Letter 4 Summary: “Narrative and Presence”

The occasion for Letter 4 is the observance of Independence Day on the Israeli side and of Nakba Day on the Palestinian side, both of which look back at the events of 1948, when Israel became a modern nation-state. One side regards it as a time of celebration, and the other as a time of mourning. Halevi also includes reflections on Israel’s Memorial Day, which occurs the day before Independence Day, and which he regards as the saddest day in the Israeli calendar: “a reminder that this is a country where parents sometimes must bury their children so that Israel can live” (65).

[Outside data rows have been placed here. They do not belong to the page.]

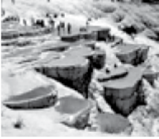
Pamukkale Travertenleri Denizli
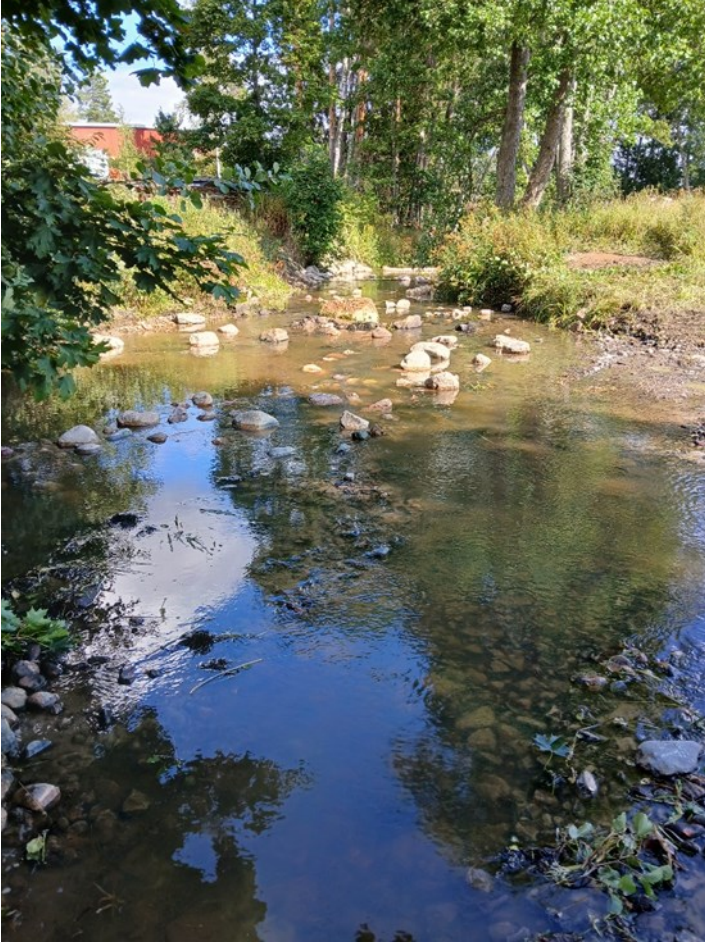
Valmiiksi rakennettu alue Nyborgin kohdalla.
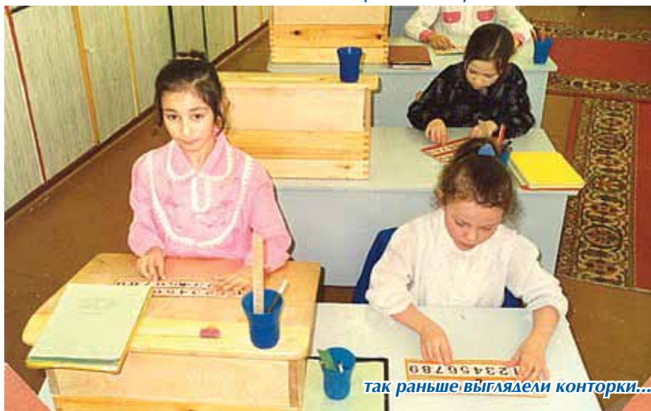
так раньше выглядели конторки...

Halevi recounts looking through a book of photographs from before the Jewish resettlement of Israel in which Palestinian Arabs occupied a relatively undeveloped landscape under the sovereignty of the Ottoman Empire. Even there, though, Halevi notes that there are pictures of the Jewish remnant that never left the land: members of the “old yishuv,” Jewish communities who had lived for uninterrupted centuries in Hebron, Jerusalem, and other parts of the Levant. From this starting point, Halevi recounts the story of Jewish resettlement and the conflicts that ensued, taking pains to note that it was not a crusade or a colonial venture, because unlike the case of historical European incursions in the Levant, this was a case of the return of an indigenous people to their ancestral homeland. Zionism’s point, Halevi contends, was to resettle the Jews, not to displace the Palestinians, and the decades prior to 1948 had given evidence that there was room enough in the land for both if they could learn to live peacefully together. When it comes to the events of 1948, Halevi does not absolve either side of blame, but rather portrays both the Israeli and Palestinian positions as standing between hard choices of survival and expulsion, with no room left over for empathy toward one’s adversaries. The history of those events is important to consider, Halevi contends, but only insofar as that history continues to inspire; once it becomes a narrative that imprisons, then one needs to look beyond it.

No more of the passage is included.